Advocates of the dam, located on the Columbia River in Central Washington, had lobbied for federal support for the project for years. Only the federal government had the resources to build the kind of dam that had been envisioned: a structure 550 feet tall and nearly a mile wide, holding back a reservoir that would reach 150 miles to the Canadian border. The dam would be equipped with two huge hydroelectric powerplants, but its main function would be to pump water onto 1.1 million acres of desert. The price tag was an estimated $400 million.
Roosevelt’s predecessor, Herbert Hoover (1874-1964) -- an engineer -- rejected the plans for Grand Coulee Dam and the related Columbia Basin Irrigation Project. He said it was too expensive, that there would be no market for the power produced by the dam, and that there was no need to bring new farmland into production because the nation’s farmers were already producing an agricultural surplus.
Roosevelt, too, objected to the price and the scope of the project, and initially rejected it altogether. Shortly after taking office, in January 1933, he committed funds for the construction of Bonneville Dam, located on the lower Columbia in southwestern Washington. He was concerned about spending federal dollars on two large public works projects in a region with a relatively small population. Washington Senator Clarence Dill (1884-1978), a Democrat from Spokane, was among those who finally convinced Roosevelt to change his mind.
However, Roosevelt asked that the project be scaled down. He argued that a smaller, lower dam would put the unemployed to work; would generate low-cost electricity; and could be enlarged later if needed. In July 1933, his Public Works Board appropriated $63 million for a 290-foot dam with no irrigation facilities. His decision put the Columbia Basin Project on hold, since a low dam would not support the kind of irrigation system that had been envisioned.
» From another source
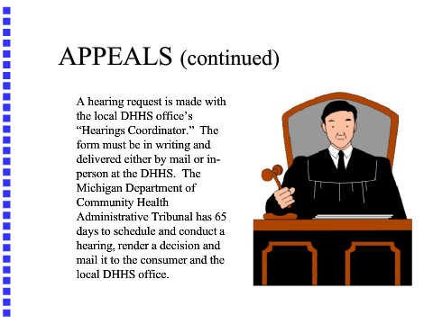 person at the DHHS. Michigan Department of Community Health Administrative Tribunal has 65 days to schedule and conduct a hearing, render a decision and mail it to the consumer and the local DHHS office.
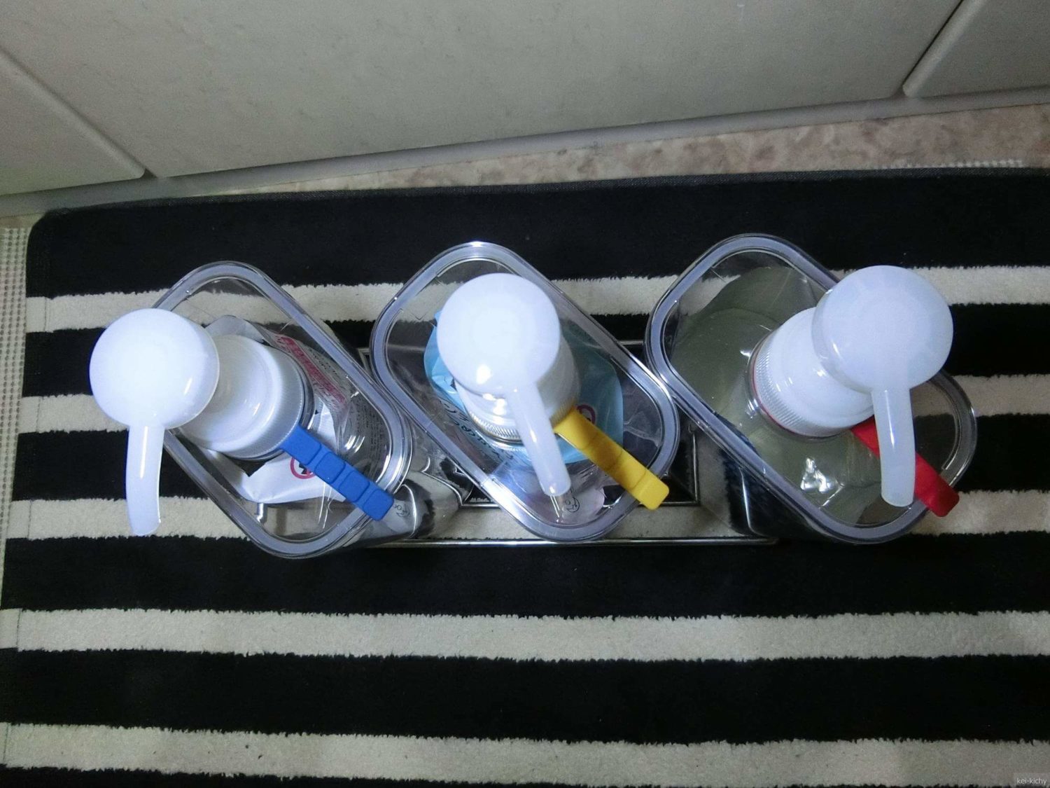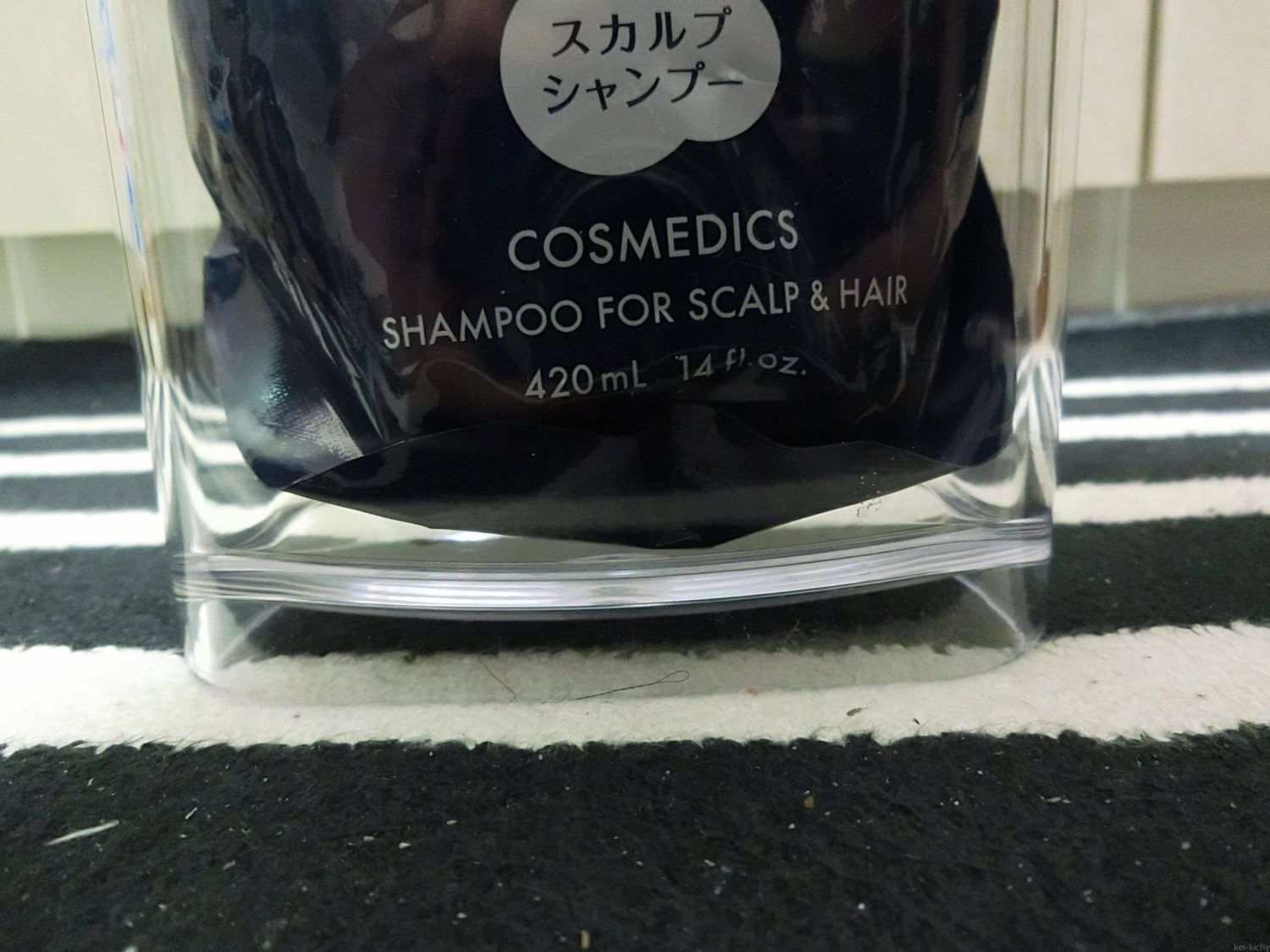 無印の詰め替えPETボトルの問題点は、意外と大きいという点です。今までボトル4本が余裕で乗っていたラックに3つギリギリしか乗りません。ラックに載せないと底がヌルヌルするので、譲れません。

Still, the project was assigned to the Bureau of Reclamation rather than to the Army Corps of Engineers, which increased the likelihood that it would be completed as designed at some point.
Initial excavation began in August 1933. The contract to build the dam was awarded in June 1934 to a consortium of three companies – Silas Mason Company of New York, Atkinson-Kier Company of San Francisco, and Walsh Construction Company of Davenport, Iowa -- known by the acronym MWAK. Roosevelt visited the construction site for the first time not long after the work began.
Roosevelt and his companions -- including Washington Governor Clarence D. Martin (1884-1955) and Secretary of the Interior Harold Ickes -- stopped first at Bonneville Dam, on August 3, 1934. From there, they traveled by train through Spokane and on to Ephrata, continuing in cars to Grand Coulee.
More than 20,000 people awaited the president, who arrived at the dam site at 11:05 a.m. and gave a brief speech. “It was perfectly astounding to see so many people in a desert country,” Ickes noted in his diary. “Some of them must have driven two or three hundred miles to see and hear the president.” The president’s wife, Eleanor Roosevelt, looked around and reportedly said “It was a good salesman who sold this to Franklin” (quoted in Pitzer, 101).
Supporters of the high dam continued to lobby Roosevelt during his visit to the dam site. Banners and signs were placed along the president’s route, pleading for support for the high dam and the irrigation project. What effect this had, if any, is not known, but within two years, the original contract had been modified and the Grand Coulee High Dam was under construction.
Roosevelt returned to Grand Coulee on October 2, 1937. By that time, the dam was being described as “the Eighth Wonder of the World” -- a structure as tall as a 46-story building, just five feet shorter than the Washington Monument, destined to contain more than 12 million cubic yards of concrete. Roosevelt marveled at the progress that had been made in three years. “The easiest way to describe those figures is to say that this is the largest structure, so far as anybody knows, that has ever been undertaken by man in one place,” he said. “Superlatives do not count for anything because it is so much bigger than anything ever tried before ...” (Roosevelt, 395).
Roosevelt became a champion of Grand Coulee as a reclamation project. He believed water pumped from the dam’s reservoir could be used to open up lands that could be worked by “thousands” of farmers relocated from other parts of the country. That vision was never fully realized, but Grand Coulee did become the nation’s powerhouse, producing more electricity than any other dam in the United States. As of 2005, it was eclipsed by only two other dams in the world.